Reproduce, exactly and in full, the lines from the one with "Környezetbarát búzaszalma műanyag" through the one with "Amphenol Anytek APTS253SDGY00G" in the data below; drop pictures.

### SUPPLIED DATA
# # # #
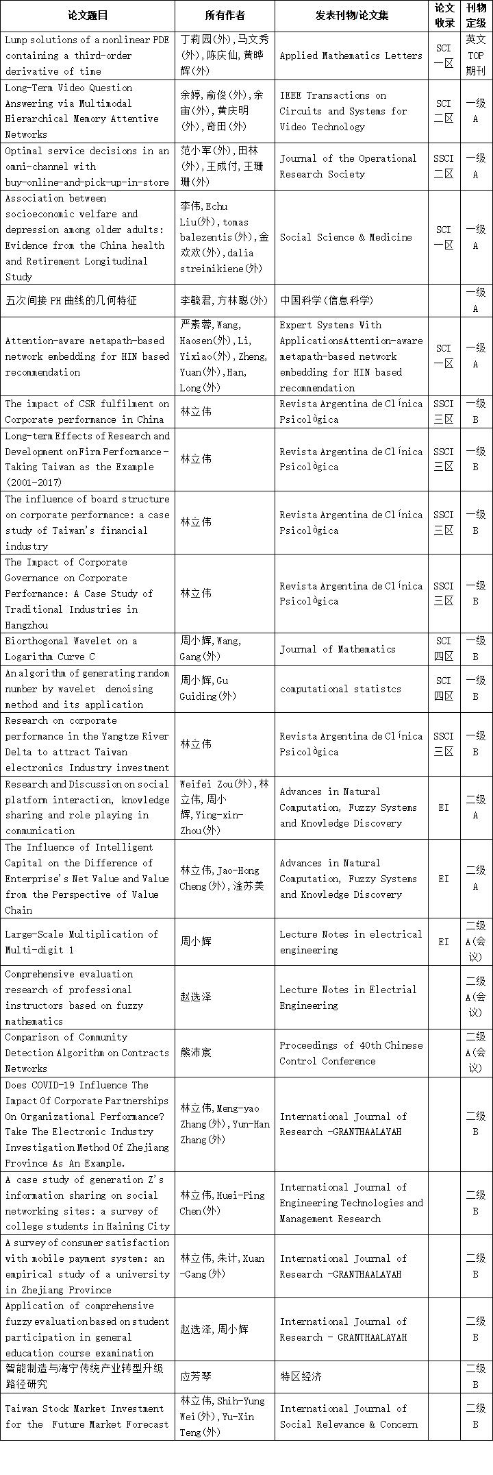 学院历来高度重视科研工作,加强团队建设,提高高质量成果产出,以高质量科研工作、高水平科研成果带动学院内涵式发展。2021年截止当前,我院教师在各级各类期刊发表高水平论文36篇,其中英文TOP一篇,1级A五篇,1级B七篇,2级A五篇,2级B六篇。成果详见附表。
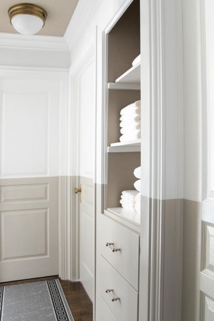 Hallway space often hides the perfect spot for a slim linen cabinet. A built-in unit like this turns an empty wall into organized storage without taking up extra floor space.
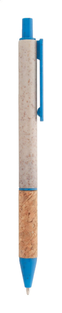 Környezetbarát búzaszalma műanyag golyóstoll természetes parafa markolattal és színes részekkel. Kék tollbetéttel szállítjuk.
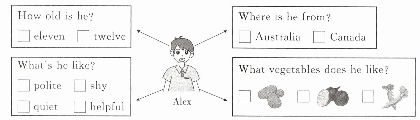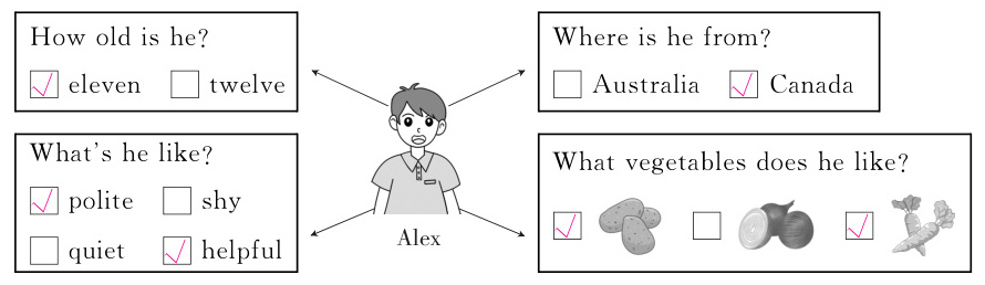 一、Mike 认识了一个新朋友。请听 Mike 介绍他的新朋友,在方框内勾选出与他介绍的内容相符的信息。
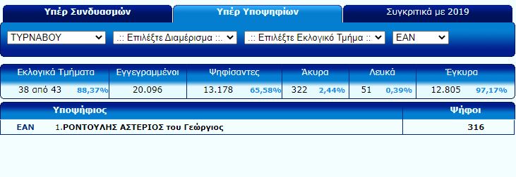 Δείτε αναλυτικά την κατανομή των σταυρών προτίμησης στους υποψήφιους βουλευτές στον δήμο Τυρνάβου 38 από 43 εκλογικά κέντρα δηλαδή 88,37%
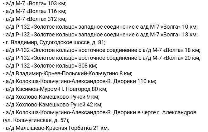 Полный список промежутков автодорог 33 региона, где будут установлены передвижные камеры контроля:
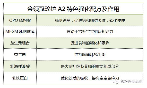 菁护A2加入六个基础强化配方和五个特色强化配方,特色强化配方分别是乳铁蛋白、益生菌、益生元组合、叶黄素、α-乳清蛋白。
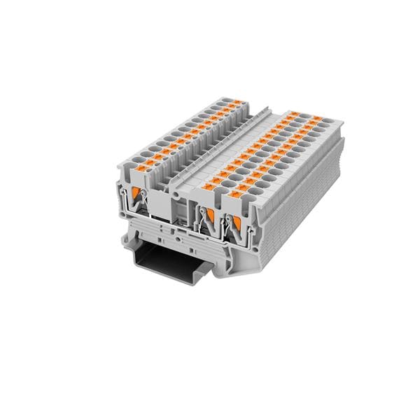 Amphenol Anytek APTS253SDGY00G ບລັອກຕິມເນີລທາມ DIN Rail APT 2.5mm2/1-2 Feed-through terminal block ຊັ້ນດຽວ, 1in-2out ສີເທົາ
# # # #
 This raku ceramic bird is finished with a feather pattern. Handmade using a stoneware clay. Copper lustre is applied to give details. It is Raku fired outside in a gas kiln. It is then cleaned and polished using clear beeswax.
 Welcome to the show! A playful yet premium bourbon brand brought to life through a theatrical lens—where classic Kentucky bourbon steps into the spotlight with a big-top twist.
# # # #
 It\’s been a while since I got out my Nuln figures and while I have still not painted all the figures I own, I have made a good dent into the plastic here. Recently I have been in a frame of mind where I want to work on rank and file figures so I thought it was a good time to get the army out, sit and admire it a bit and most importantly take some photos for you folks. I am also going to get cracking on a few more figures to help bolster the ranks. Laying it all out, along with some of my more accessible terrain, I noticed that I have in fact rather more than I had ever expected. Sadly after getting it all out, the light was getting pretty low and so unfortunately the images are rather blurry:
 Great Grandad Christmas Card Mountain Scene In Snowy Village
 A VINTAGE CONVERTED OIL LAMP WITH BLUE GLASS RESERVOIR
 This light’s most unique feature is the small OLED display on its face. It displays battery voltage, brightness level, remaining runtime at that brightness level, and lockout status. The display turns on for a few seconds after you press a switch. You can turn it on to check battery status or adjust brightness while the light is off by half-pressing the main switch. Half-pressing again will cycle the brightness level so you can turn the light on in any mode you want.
# # # #
### WRITTEN ANSWER
 Környezetbarát búzaszalma műanyag golyóstoll természetes parafa markolattal és színes részekkel. Kék tollbetéttel szállítjuk.
 一、Mike 认识了一个新朋友。请听 Mike 介绍他的新朋友,在方框内勾选出与他介绍的内容相符的信息。
 Δείτε αναλυτικά την κατανομή των σταυρών προτίμησης στους υποψήφιους βουλευτές στον δήμο Τυρνάβου 38 από 43 εκλογικά κέντρα δηλαδή 88,37%
 Полный список промежутков автодорог 33 региона, где будут установлены передвижные камеры контроля:
 菁护A2加入六个基础强化配方和五个特色强化配方,特色强化配方分别是乳铁蛋白、益生菌、益生元组合、叶黄素、α-乳清蛋白。
 Amphenol Anytek APTS253SDGY00G ບລັອກຕິມເນີລທາມ DIN Rail APT 2.5mm2/1-2 Feed-through terminal block ຊັ້ນດຽວ, 1in-2out ສີເທົາ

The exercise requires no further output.